C4DM / MLLab Seminar : Dr Konstantinos Drossos
QMUL School of Electronic Engineering and Computer Science
Centre for Digital Music / Machine Listening Lab Seminar Series
Seminar by Konstantinos Drossos (Tampere University, Finland)
Date/time: 3pm, Wednesday, 6th March 2019
Location: Engineering Building, room 2.16 Campus map: https://www.qmul.ac.uk/media/qmul/docs/about/Mile-End_map-May2018.pdf
Open to students, staff, alumni, public; all welcome. Admission is FREE, no pre-booking required.
Title: How it can adapt and what it learned. Domain adaptation and interpretability for deep learning based machine listening methods
Abstract: In a typical scenario we use a dataset to optimize and develop our deep learning based machine listening method, and then we try to deploy it in a realistic environment. Usually there is a drop in the performance, especially when the deployment environment is quite different from the one that our used dataset came from. A promising way of tackling this problem is the domain adaptation, with recent published methods focusing on general audio to provide optimistic results. Although the domain adaptation seem to be an efficient way to make our methods to adapt in new conditions, we still are left with the question of what our method learned during training. This presentation will focus on the problems of domain adaptation and interpretability of deep neural networks, considering the case of general audio and machine listening. For the domain adaptation part, the presentation will include recent results with the underlying theoretical framework for acoustic scene unsupervised domain adaptation. For the interpretability part, the presentation will show some results from a work in progress for understanding what is learned by a typical deep neural networks based method used in the task of sound event detection.
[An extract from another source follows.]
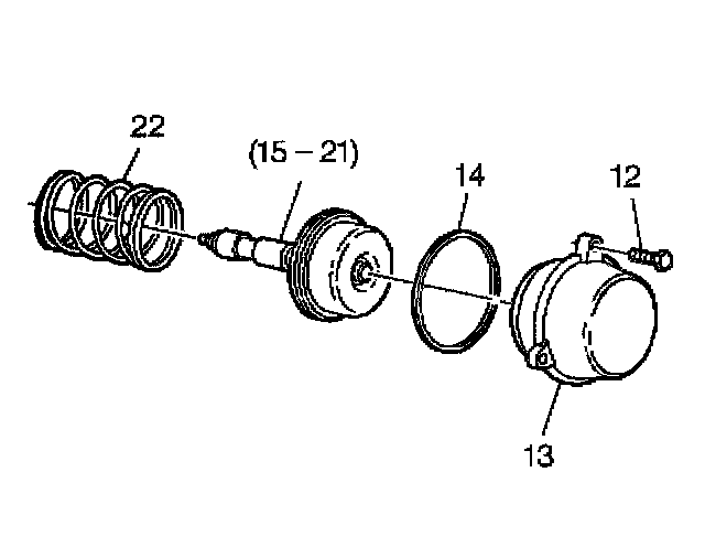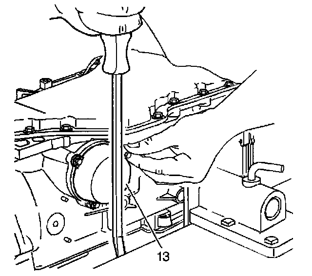 1. Position the transmission so that the oil pan is facing up.2. Use a long screwdriver in order to compress the forward band servo assembly cover (13) by prying against the work bench.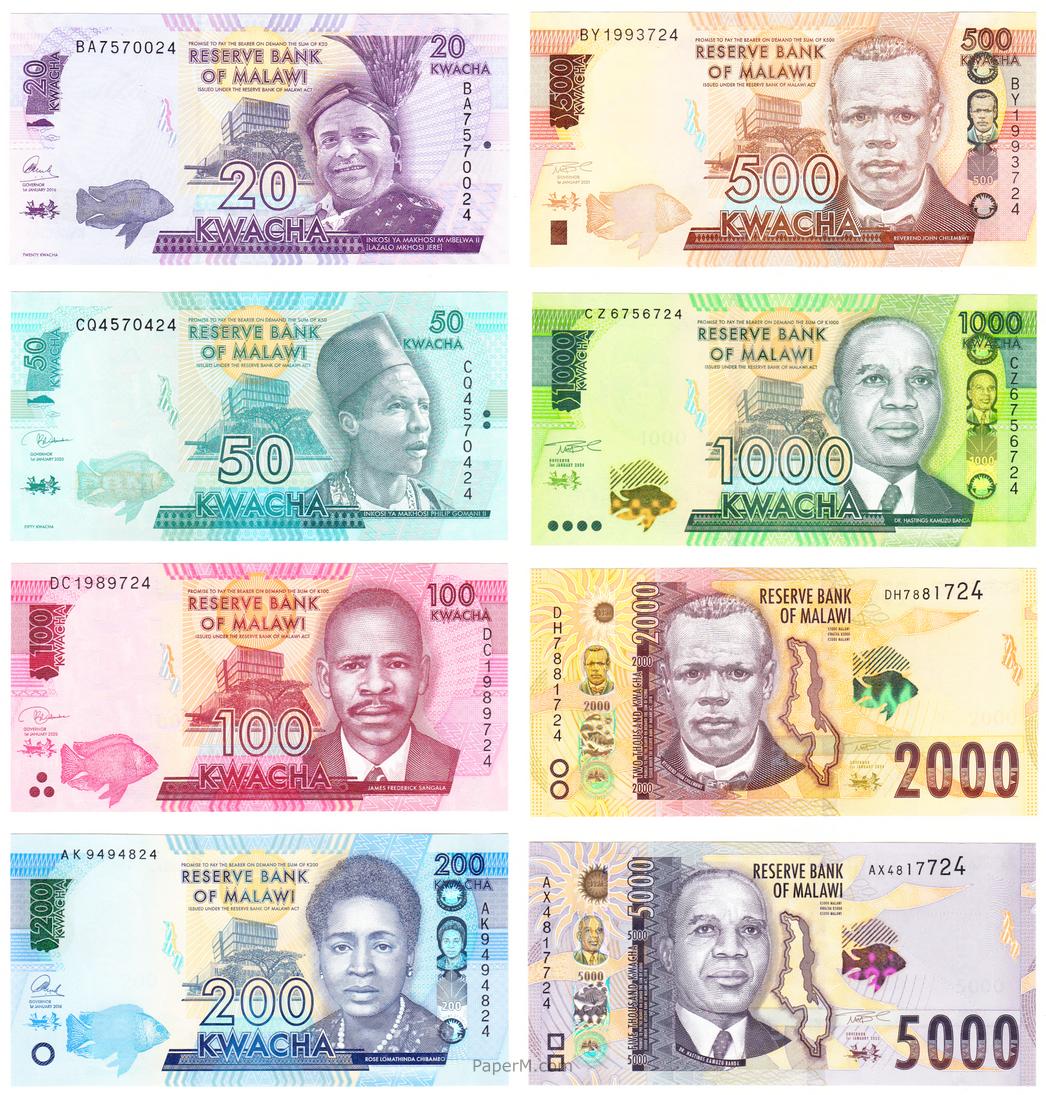 20 to 5000 Kwacha - Complete demoniational set. 8 pieces

Bio: Konstantinos Drossos is postdoc at the Audio Research Group, Tampere University of Technology, under Prof. Tuomas Virtanen. He has been a postdoc fellow at Montreal Institute for Learning Algorithms (MILA), under Prof. Yoshua Bengio. He holds a BEng in Sound Technology, a BSc in Informatics, an MSc in Sound and Vibration Research, and a PhD in emotional information retrieval from sound events. His main research foci are audio captioning, domain adaptation, interpretability, and machine listening.